True lack of response to aspirin is rare. Rather, the observed high on-treatment platelet reactivity can result from a number of factors. Several studies have attempted to estimate the incidence of poor response to aspirin; reports identify anywhere between 0.4 and 83.3% of patients with cardiovascular disease as being poor responders.22 This wide range has been attributed to a number of differences in study design, with variations in study populations, definitions of aspirin non-responsiveness, the specific platelet function assay used, dosing regimens and patient compliance to therapy.23,24 Platelet turnover is biologically dynamic such that 10% of the platelet pool is replenished on a daily basis. This, in combination with the fact that the half-life of aspirin is quite short at 15–20 minutes, means not only that repeat daily dosing of low-dose aspirin can fully inhibit platelet COX-1, but also that the magnitude of platelet function can greatly vary depending on the timing of the assay relative to when a patient takes his or her aspirin. Other studies have reported that the prevalence of poor response to aspirin is higher among women25,26 and also increases with age.26,27 Genetic factors may also play a role:28,29 several genetic polymorphisms have been implicated as having an influence on aspirin response and poor prognosis.30–37 However, the degree of corroborating evidence appears to vary substantially according to the polymorphism in question.
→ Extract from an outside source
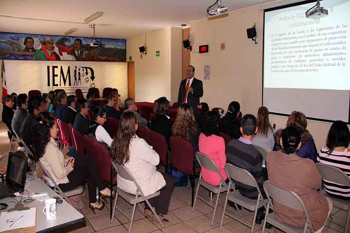 Consejeros, miembros de la Junta Estatal Ejecutiva, representantes de los partidos políticos y personal del Instituto Electoral de Michoacán (IEM) concluyeron las cinco sesiones de dos horas en las que se impartió el curso sobre Derechos Humanos por el Maestro en Derecho Constitucional, Armando Alfonzo Jiménez, quien fue acreedor al Premio Nacional de Investigación Jurídica 2013 por la Asociación Nacional de Facultades.

The clinical consequences of aspirin non-response are unclear, and any data linking this to clinical outcome are weak. Small studies have suggested that patients with poor response, as determined by platelet function tests, are at an increased risk of major atherothrombotic events.16,25,38–40 None of the platelet function assays used in these studies was specific for COX-1, which could lead to poor assessment of aspirin efficacy.41 Recent data from a prospective study suggest that poor clinical outcomes in patients receiving aspirin therapy can be attributed to multiple mechanisms, including but not confined to inadequate inhibition of COX-1.42 Using clinical outcomes information at a mean of 25 months after platelet function testing, COX-1-dependent and -independent assays of platelet function were found to correlate with the occurrence of subsequent cardiovascular events (cardiovascular death, myocardial infarction [MI], revascularisation-related hospitalisation or ACS). By contrast, no such correlation was found with indirect measures of platelet COX-1. Additionally, many of the aforementioned studies16,25,39,40 did not thoroughly address treatment compliance, which is proposed to be a major cause of poor pharmacological response to aspirin.43–46 Upper gastrointestinal side effects associated with aspirin therapy have been shown to negatively affect compliance, with 12% of patients adopting irregular use of aspirin owing to bothersome upper gastrointestinal symptoms.47 This may also account for the poor biological response observed. The inability to verify a patient’s adherence to aspirin therapy presents potential for the use of platelet function assays to determine platelet reactivity to aspirin.
Clopidogrel
The thienopyridine derivative clopidogrel, being a prodrug, requires transformation to an active metabolite through the hepatic cytochrome P450 (CYP) system, and then irreversibly inhibits the P2Y12 receptor and restricts platelet activation. The mechanisms leading to high on-clopidogrel platelet reactivity are not clear, but, similar to poor response to aspirin, are multifactorial. Carriers of polymorphisms in genes encoding for the two-step process oxidising clopidogrel from prodrug to active metabolite have demonstrated diminished responses to the drug’s antiplatelet effects.48–51
In particular, the loss of function due to the CYP2C19*2 polymorphism inactivates the enzyme and impairs metabolism of clopidogrel, ultimately leading to high on-clopidogrel platelet reactivity. This polymorphism is present in an estimated 30% of the general Caucasian population and is associated with increased rates of major cardiovascular events; for example, the rate of stent thrombosis is three to six times greater among carriers than non- carriers of the CYP2C19*2 variant.52–54 Perhaps more importantly, recent data from the Clopidogrel for High Atherothrombotic Risk and Ischemic Stabilization Management (CHARISMA) sub-study show that patients homozygous for CYP2C19*2 were at high risk of atherothrombotic events regardless of whether they were taking clopidogrel or placebo, although the risk was not statistically significant for the placebo group.55 This corresponds with previous studies in which certain genes have been linked to pre-existing variability in platelet function, independent of clopidogrel use.56 Such information has prompted much discussion concerning the role of this allele in drug metabolism and cardiovascular risk.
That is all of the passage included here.